By Lauren Zinn
DUAL-RELIGIOUS IDENTITY FAMILIES FLOURISHING
Being Both – Embracing Two Religions in One Interfaith Family (2013) by Susan Katz Miller is a fascinating preview of how everyone’s ideas about religion may be significantly influenced as a result of intermarriage. And while not all intermarried families choose to raise their children with both parents' religion, the experience of those who do is well worth a look.
Being Both sheds light on why an increasing number of families choose to practice two religions and how they do it. Katz Miller shares stories and statistics from her survey of Jewish-Christian families’ experiences in four different interfaith communities across the country. She thoughtfully defuses the usual objections posed by skeptics to raising children with two faiths.

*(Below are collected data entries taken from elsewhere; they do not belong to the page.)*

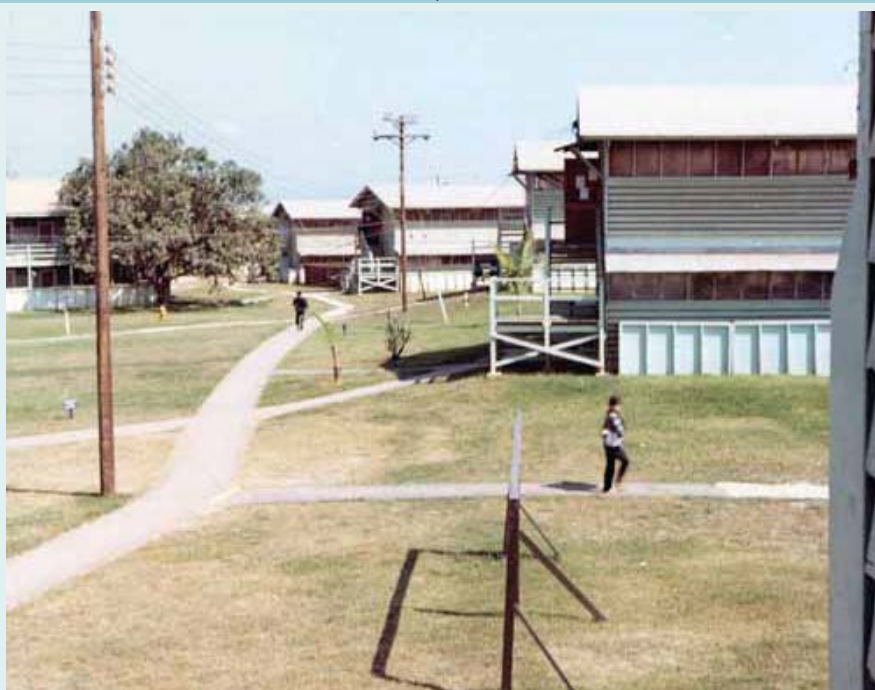
4. Phù Cát AB, Original Barracks.
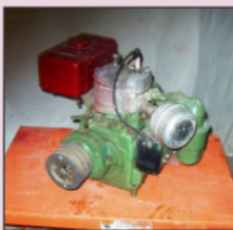
4 HP Kohler engine with gear reduction. It runs but needs some work on the speed control. Asking price $150
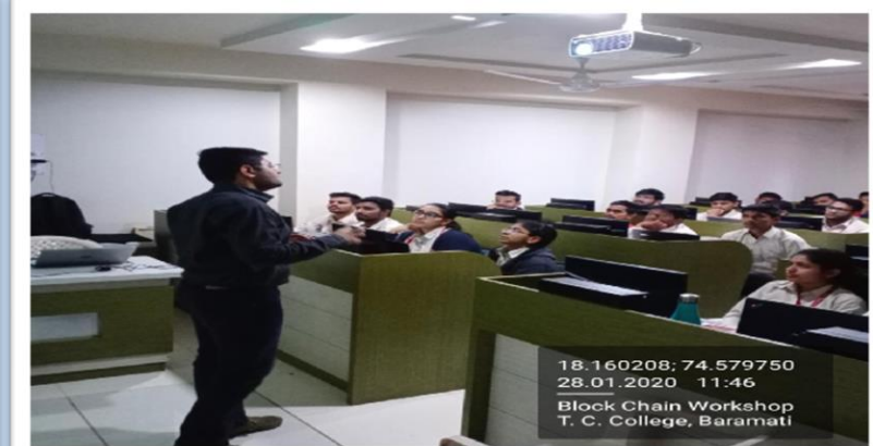
18.160208; 74.579750 28.01.2020 11:46 Block Chain Workshop T. C. College, Baramati
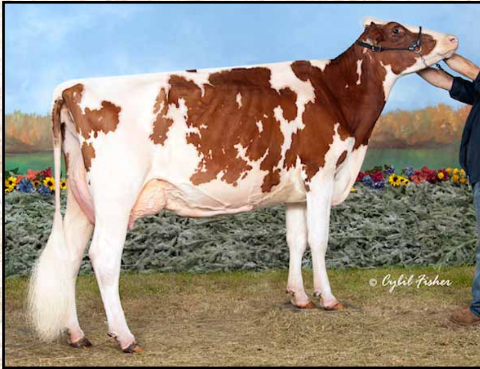
RG-MUELLER ADVNTGE RUBY-RED VG-87 Granddam of Lot 34
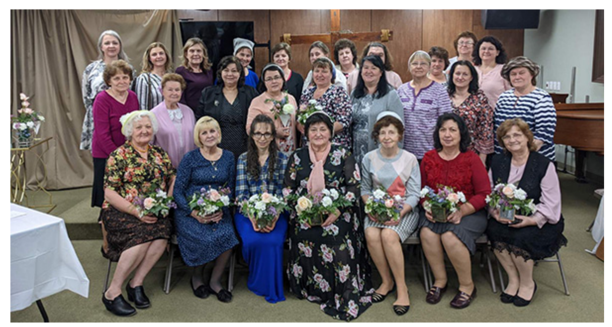
Prayer Breakfast Participants
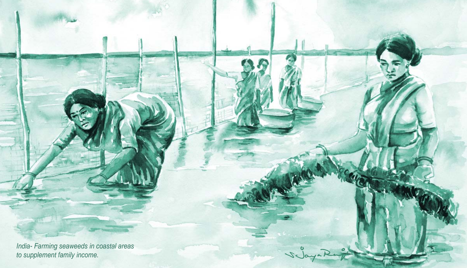
India- Farming seaweeds in coastal areas to supplement family income.
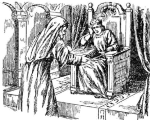
Who read the book to the king?
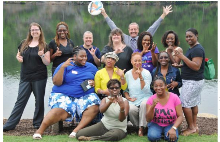
Interpreters posed for a fun group photo.
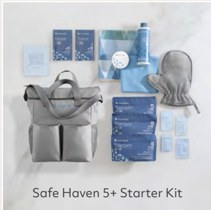
Safe Haven 5+ Starter Kit

Ready to help others live cleaner, safer, better?
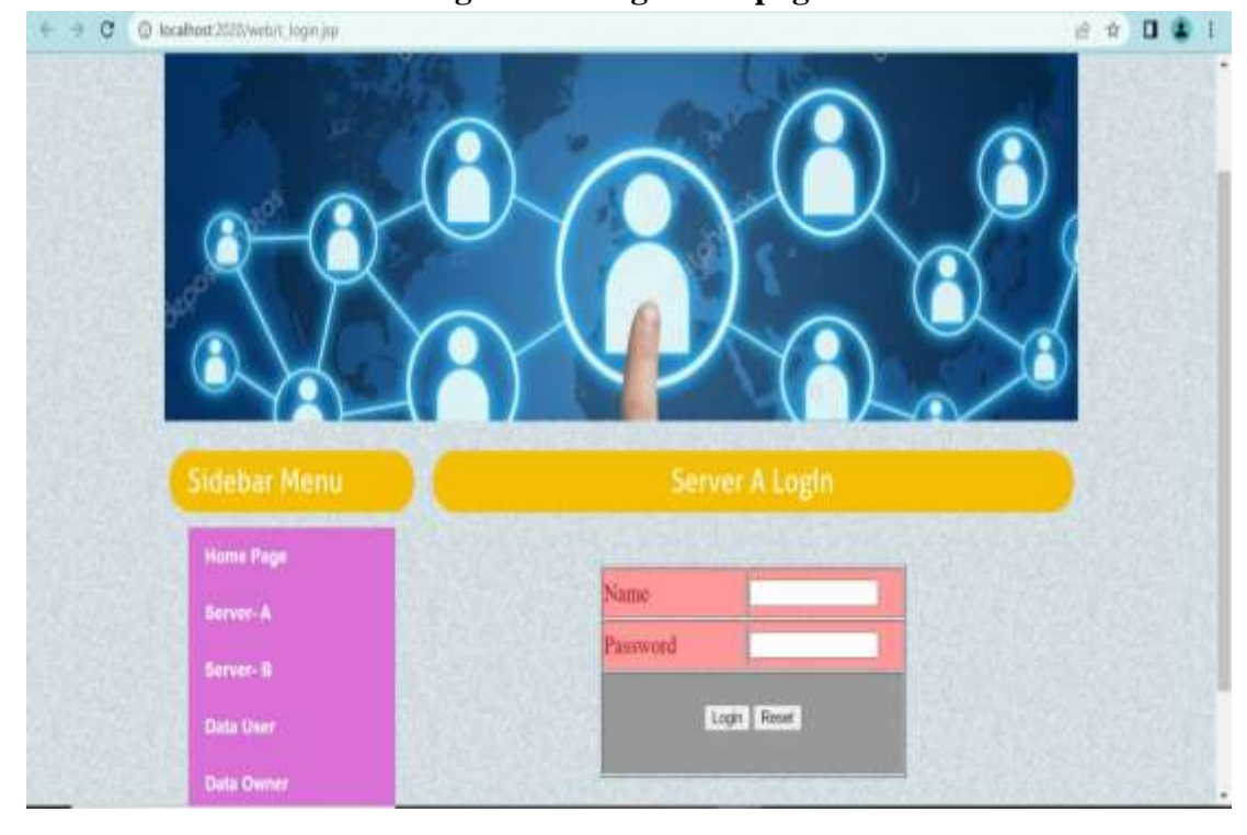
Fig 3: Showing Server A Login page

Her arguments are thorough in that she includes the perceptions of grown children, parents, clergy, and teachers. This addition of the teachers’ perspective is especially interesting to me as an interfaith minister and educator. Our voices are often rejected in the development of religious school curricula, forcing us to try our ideas in marginalized programs. Yet, the reflections shared by the now-grown children who experience these interfaith educational programs is groundbreaking. Suffice it to say, they are not confused.
Being intermarried and having started a Jewish-Interfaith (as opposed to Jewish-Christian) community with an ongoing Jewish-Interfaith educational program, I found my experience resembling those of the families described in this book. And I saw areas where my educational model overlaps with programs the author describes. I nodded as I read along, highlighting passages that articulated some of the ironies that intermarried families encounter, such as theexclusionary practices of Jewish institutions at a time of decreasing enrollment.
Katz Miller provides much awaited research to back up positive experiences with interfaith education that I do hope many traditional religious leaders will consider. For instance, a growing number of the offspring of these interfaith programs have chosen careers dedicated to helping others resolve conflict. It seems to come more naturally to them confirming what I see in my own Jewish-Interfaith students, namely, “the peace makers are at hand.”
Being Both is a well-written macro and micro sweep of a small but growing grassroots interfaith movement, one with far reaching effects for anyone involved with religion. It certainly paves the way for future intermarried couples considering alternative models of religious education for themselves and their children. (I plan to give this book as a gift to my wedding clients!) I look forward to watching this interfaith educational trend continue with intermarrying Muslims, Hindus, and Buddhists.
But I am perhaps most eager to see how religious institutions and interfaith dialogue groups – organizations whose missions depend on mono-faith identity – respond, as more children grow up successfully holding complex and fluid religious identities. It may turn out that in a multifaith world, the current social norm of a single-religious identity is the more confusing one, not the other way around. If dual or interfaith religious identities end up producing adults especially capable of bringing about peace, then what are we waiting for?